Avoid this mistake when you’re negotiating executive pay
Money isn’t everything—for real, it’s not. Look beyond your salary offer to maximize your long-term earnings.
As you travel up the ladder to the executive level, chances are your salary negotiations will be different than when you were a mid-level employee. Your paychecks will get fatter—and more complex. You’ll still likely receive a salary, but it might represent a smaller share of your potential earnings.
“Profit sharing and bonus options, especially long-term incentives, are a critical part of executive compensation packages,” says Teela Jackson, vice president of talent delivery with Atlanta-based Talent Connections. “Those long-term incentives can make up 40% of the overall package.”
If you overlook those components and focus mainly on your salary, you’ll likely leave a lot of money on the table.
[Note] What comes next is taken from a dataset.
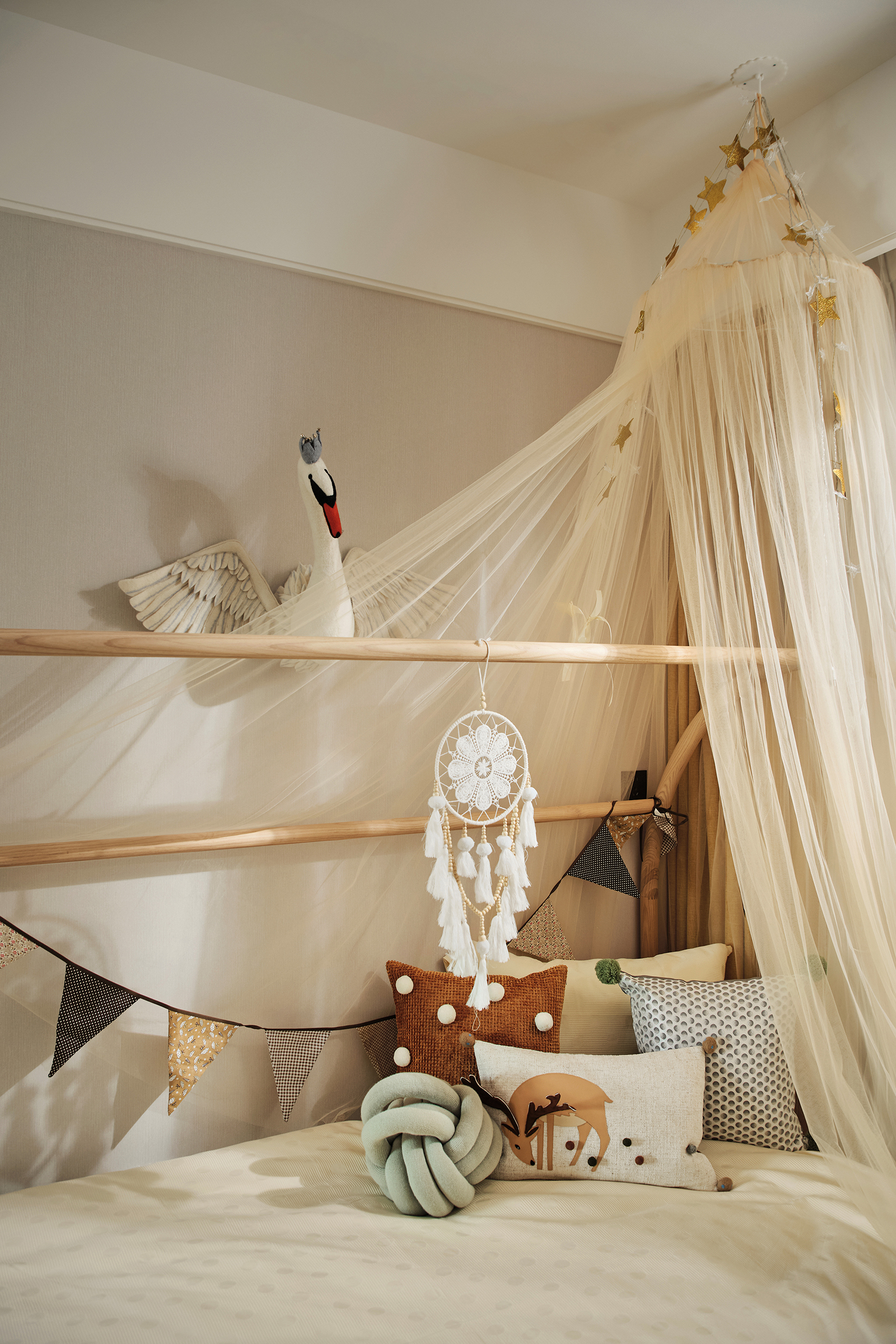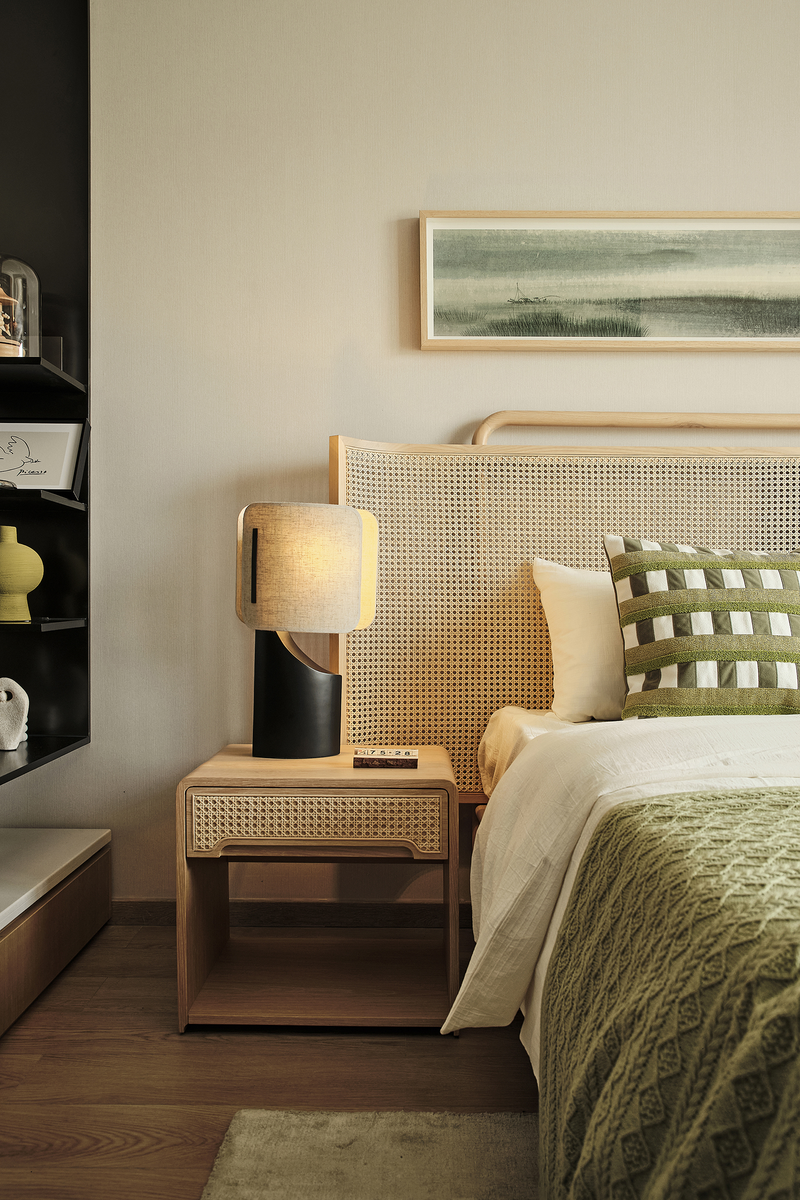 Palpable paper, a material with a distinctive color and texture, is used for the background wall, softening the overall ambience of the room. A good living environment for the residents is provided by the huge number of flexible materials, which also have a powerful sound-absorbing function and a strong partition impact on high frequency, medium frequency, and low frequency noise. The palpable paper is easy to maintain, moisture-resistant, mildew proof, and collision proof. When a big area of palpable paper is used, it can also control the indoor temperature well, maintaining a comfortable temperature regardless of how hot it is outside. This prevents the need for prolonged air conditioning use, which saves energy.

Follow these pointers to make sure you cover all your bases in negotiating pay at your next job.
Gauge the push and pull
Employers have a wide range of approaches when it comes to executive compensation, Jackson says, and you need to know where your prospective employer lands on the spectrum.
Look to see where most of your pay would come from. Is the compensation package cash-heavy? This would mean it has a relatively high upfront salary or cash bonus structure and fewer equity incentives. Or, is it equity-heavy? This package might factor in more stock options or other ownership-based incentives and a smaller base salary.
“The company’s pay philosophy simply lets a potential executive hire know where there may be flexibility,” Jackson says. “You can use that to push for more long-term incentive options—or, on the flipside, you could load up on the base, plus include a sizable sign-on bonus if the long-term incentive package is not competitive.”
Use your personal financial situation as a guide to what kind of package is more attractive, says Andrew Avellan, a certified financial planner and founding partner of the Philadelphia Wealth Management Co. in Bala Cynwyd, Pennsylvania. A cash-heavy package is better if you need higher short-term cash flow, but if you aren’t in immediate need of big-money paychecks, a little patience can pay off in the long run.
Dig into the details
Now that you know how your income will be divvied up, it’s time to translate those line items into actual dollars. Spend time mapping out what different aspects of the offer can be worth, under a mix of likely scenarios.
Figuring out the exact payouts of short-term, fast-maturing options or multiple-year options and stock-purchase rights can be especially tricky, Avellan says. “Calculate what each package might be worth using several predictable outcomes,” he says, “such as stock price with good growth, no growth or loss, as a way to attempt to put some math around a decision.”
Also, make sure you understand the exact terms for exercising stock options and the accessibility of payout options. Certain stock options run the risk of being excessively taxed or becoming worthless, Avellan says. Likewise, get specific details about any supplemental executive retirement plans and pensions if those are being used as part of your long-term incentives.
Treat this like a marathon, not a sprint
There will likely be short-term perks on the table, as well, but try not to get dazzled by them. A car allowance, club allowance, relocation services and temporary housing are nice, but they won’t directly fund your retirement. At this level, what matters is the potential and likely value of your entire compensation package over time.
Focus on long-term incentives such as stock options, restricted stock and phantom stock programs, says Mitch Wienick, president and CEO of Kelleher Associates in Wayne, Pennsylvania. “Anything that has a time horizon that exceeds a year is considered long term,” Wienick says.
Some options may become available to you over a number of years, so you should weigh how those will pay out at each interval, Wienick says. You might also consider what becomes of those options if you leave your position in two years; it might be negotiable whether or not you get to keep them for a time if you quit.
Use your personal financial situation as a guide to what kind of package is more attractive, Avellan says. A cash-heavy package is better if you need higher short-term cash flow, but if you aren’t in immediate need of big-money paychecks, a little patience can pay off in the long run.